* TASK OBJECTIVE:
For this exercise, retype each line of the material below verbatim and omit any picture.

* SUPPLIED DATA:
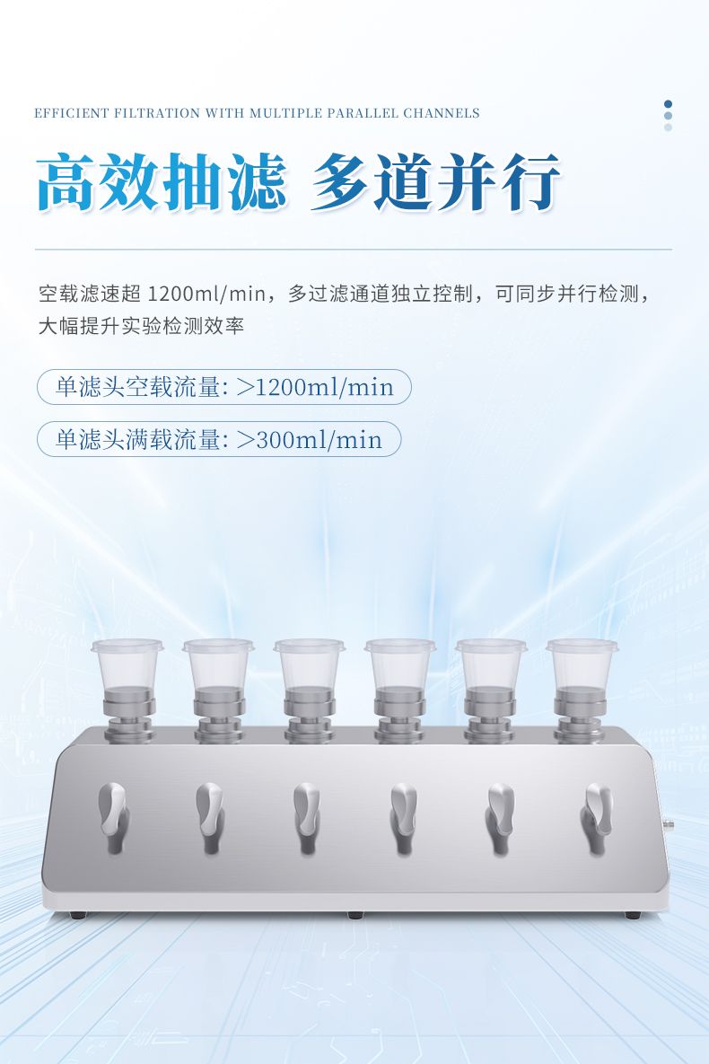5. 多通道獨立控制:多個過濾單元可同時或單獨啟停,滿足并行檢測需求,提高工作效率。
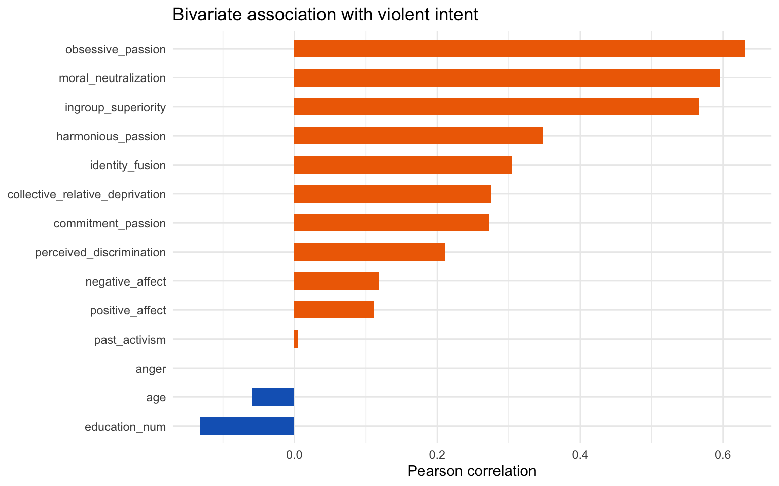 Activist passion measures, perceived discrimination, and ingroup superiority already show positive simple correlations with violent intent, but multicollinearity and noise require a penalised model to adjudicate which survive joint estimation.
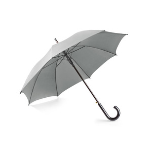 Automatické otevírací deštník s křivkovou dřevěnou rukojetí. Otevřený deštník má průměr 103 cm a délka složeného deštníku je 88 cm.
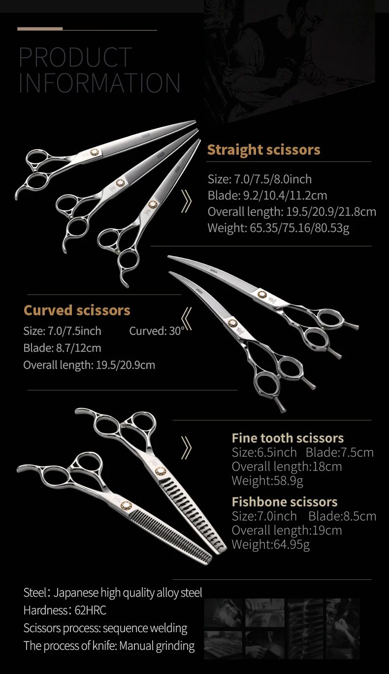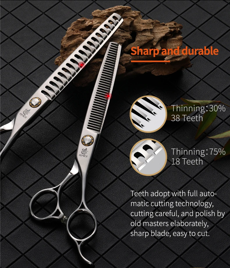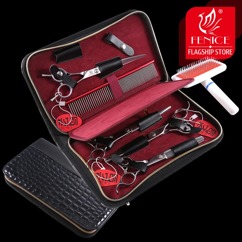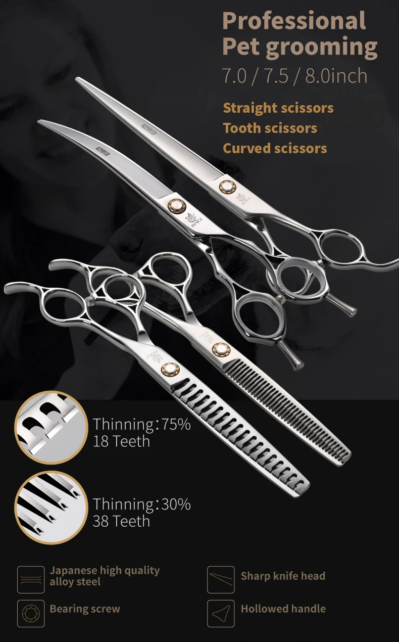 Fenice 6.5/7/7.5/8 inch Professional Pet Dogs Grooming Scissors Set Straight & Thinning & Curved Shears Set

* WRITTEN ANSWER:
5. 多通道獨立控制:多個過濾單元可同時或單獨啟停,滿足并行檢測需求,提高工作效率。
 Activist passion measures, perceived discrimination, and ingroup superiority already show positive simple correlations with violent intent, but multicollinearity and noise require a penalised model to adjudicate which survive joint estimation.
 Automatické otevírací deštník s křivkovou dřevěnou rukojetí. Otevřený deštník má průměr 103 cm a délka složeného deštníku je 88 cm.
 Fenice 6.5/7/7.5/8 inch Professional Pet Dogs Grooming Scissors Set Straight & Thinning & Curved Shears Set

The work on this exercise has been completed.